As against this, it will be said that, in reality the UK government will obtain its authority from Parliament to give notice under Article 50 and the two year countdown will start with the UK leaving the EU one way or another within two years. The constitutional rug will be pulled out from under the Dependencies' feet. The Ministry of Justice made it plain in its submission to the Justice Committee that UK interests would be put first:
"In 2007-2008, the then Secretary of State for Constitutional Affairs signed agreements with the Chief Ministers of each of the Crown Dependencies stating that the UK would not act internationally on their behalf without prior consultation. These agreements recognised that in international matters, particularly in relation to the EU, UK and Crown Dependency interests may differ (and that the UK will seek to represent any differing interests when acting in an international capacity). These agreements should not however be mistaken for guarantees that the UK will always be in a position to represent Crown Dependency views internationally where those views diverge from the UK's own interests."
The Islands now have a powerful argument to require rather more than mere consultation if the principles behind the Supreme Court's judgment are to be respected as they apply to the Channel Islands. Whether the argument works or not remains to be seen. It is perhaps best softly spoken, at least in the first instance, rather than used as a bludgeon; but the Islands, could, if they chose, become very awkward customers indeed.

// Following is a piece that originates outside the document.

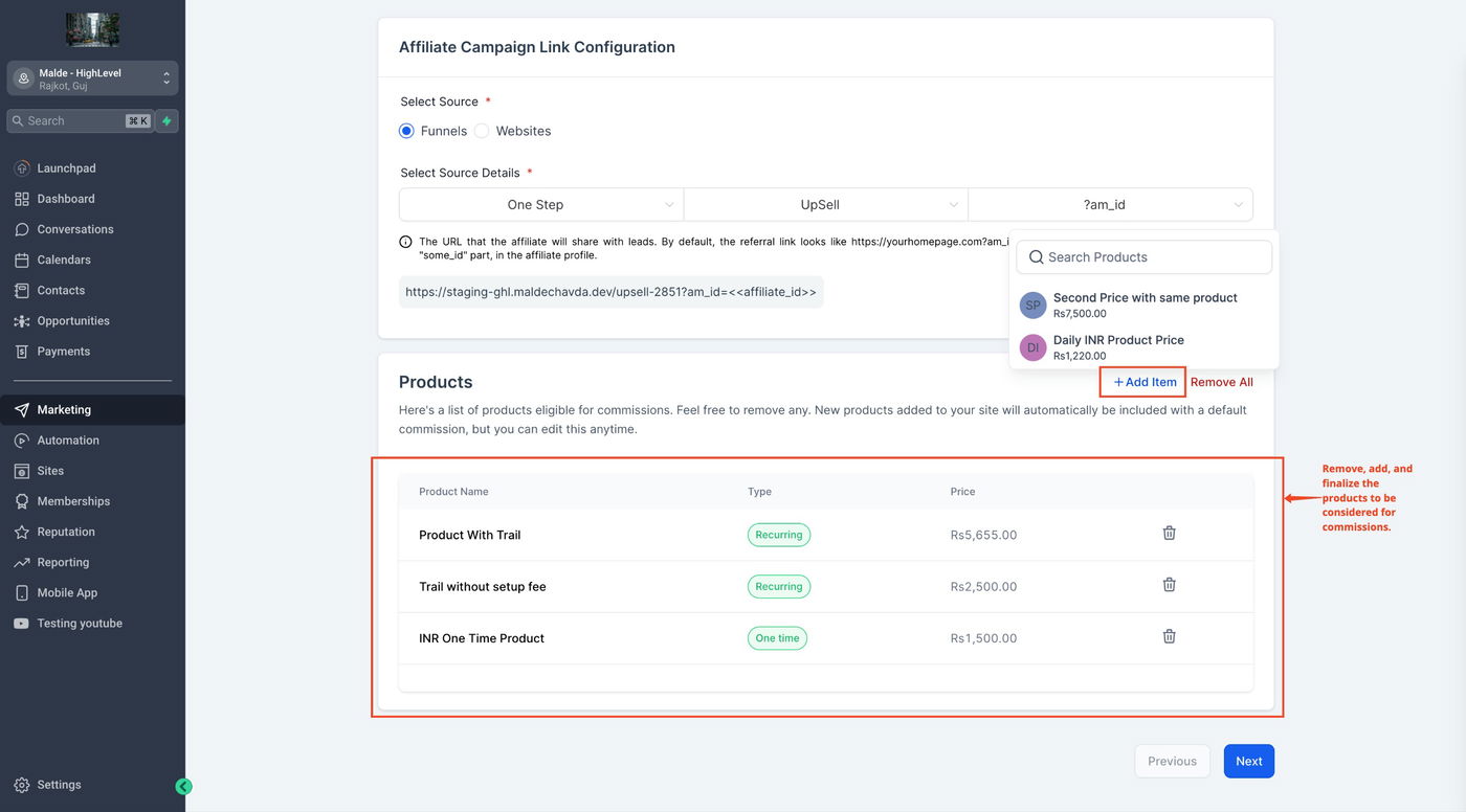 Überprüfen Sie die Produkte, die mit Ihrer ausgewählten Quelle verknüpft sind. Fügen Sie Produkte hinzu oder entfernen Sie sie, um sicherzustellen, dass nur provisionsberechtigte Produkte gelistet sind.

That said, it remains to be seen if the Islands have much to fear from Brexit. Their longer term future is, arguably, better served by Brexit in almost any form, hard or soft. The threat made by the then French economy minister and now presidential candidate Emmanuel Macron to the UK that it would undergo a process of "Guernseyfication" if it chose to leave the EU was unintentionally prophetic. Both Theresa May and Philip Hammond have made comments recently describing a possible future for the UK which is not so dissimilar to that of the Channel Islands. Indeed the relationship between the Islands and the EU is a valuable precedent which UK negotiators should have close regard to. Theresa May's speech at Lancaster House of 17th January 2017 set out her negotiating position and 12 objectives. The speech deserves to be read in full and is on the gov.uk website. There is little to fear for the Islands in that speech. There is a much closer identity of interests between the Islands and the UK in this negotiating process than there was in the negotiations leading up to the accession of the UK to the EEC in 1973, with the devolved assemblies also providing a helpful "umbrella" via the British Irish council. Article 50 will be triggered and negotiations will commence, but the Islands will be able to remind the UK government of Mrs May's words:
"… one of the reasons that Britain's democracy has been such a success for so many years is that the strength of our identity as one nation, the respect we show to one another as fellow citizens, and the importance we attach to our institutions means that when a vote has been held we all respect the result. The victors have the responsibility to act magnanimously. The losers have the responsibility to respect the legitimacy of the outcome. And the country comes together."
There has been no vote in the Islands but they are a part of the nation (not the United Kingdom) and they, their institutions and laws are entitled to the same measure of respect accorded to UK institutions by the Supreme Court.